テーブルに子牛のの膵臓(すいぞう)の料理が運ばれてきた。ウェイターがいなくなると、ベイジルは身を乗りだして言った。「きみの手紙はおおまかにしか書いてなかっただろう?ミス・クレイルが奇妙だと感じたきっかけについて、詳しく聞きたいんだ」

「フォスティーナ本人は少しも奇妙じゃないわ。奇妙なのはまわりの人たちの態度よ」

「同じことじゃないか。いつ頃からだい?」

「彼女が学校に来て間もなくよ」ギゼラはベイジルがこのことを真剣にとらえているので驚いた。

「変だと思った理由は?」

「それが、よく覚えていないの」ギゼラは残念そうに答えた。「新しい職場に入ったばかりだと、やることがたくさんあるでしょう?わたしも彼女と同じく今学期からの勤務だもの。そうね、彼女がみんなから避けられていると感じ始めたのは、たぶん二週間くらい経った頃だと思うわ。最初はメイドたちで、そのうちに生徒や同僚の教師にまで広がって、完全にのけ者になってしまったの。それでとうとう解雇されるはめに」

「それで全部?」

「あなたに手紙を出したあとにも、ちょっとした騒ぎがいくつか」

「どんな?」

ギゼラは詳しく話した。

「なぜかほかの教師たちはミス・クレイルを避けたんだろう」ベイジルは尋ねた。「思いあたる節はないかな?」

ギゼラはためらいがちに答えた。「どういうわけか、彼女を怖がっている感じだったわ。誰でも怖いものは避けたいわよね」

「なぜ怖かったんだろう?」

「さあ、さっぱりわからないわ!なんだか薄気味悪いことばかり。群集心理かしらね。それにしても、なんだか不思議な気分だわ。わたしね、こんなような話を前に聞いた覚えがあるのよ。なにかの本で読んだのかしら」

「たぶんそうだろう。きみの手紙を読み終えてすぐ、マダム・カルロヴィッツが訳した『詩と真実』のフランス語版をブレンターノ書店に電話で注文したよ」

「わたしもフォスティーナから返ってきたあとで第一巻を読み直してみたの。

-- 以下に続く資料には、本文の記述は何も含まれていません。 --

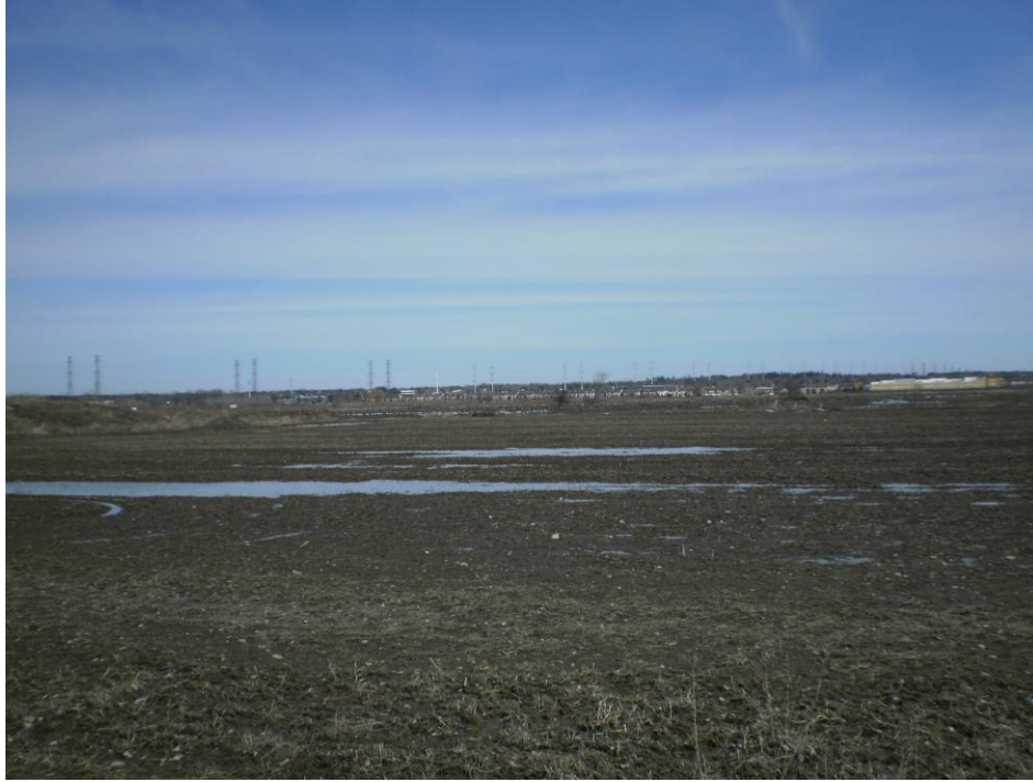
Photo 3 – Fields in the west portion of the site. View looking east from access road along the Tapadero Avenue alignment (April 3 rd , 2017)

でも彼女の状況を連想させる箇所はどこにも見つからなかったわ」

「それは自分がなにを探しているかわからなかったからだろう。きみはフォスティーナの置かれている状況をつかみきれていないんだ」

バンドの演奏が始まって、今流行の騒々しい曲が店内いっぱいに鳴り響いた。ギゼラはため息をついた。

引用部分は、ヘレン・マクロイ「暗い鏡の中に」(1950)駒月雅子訳 創元推理文庫 2011年6月24日の発刊です。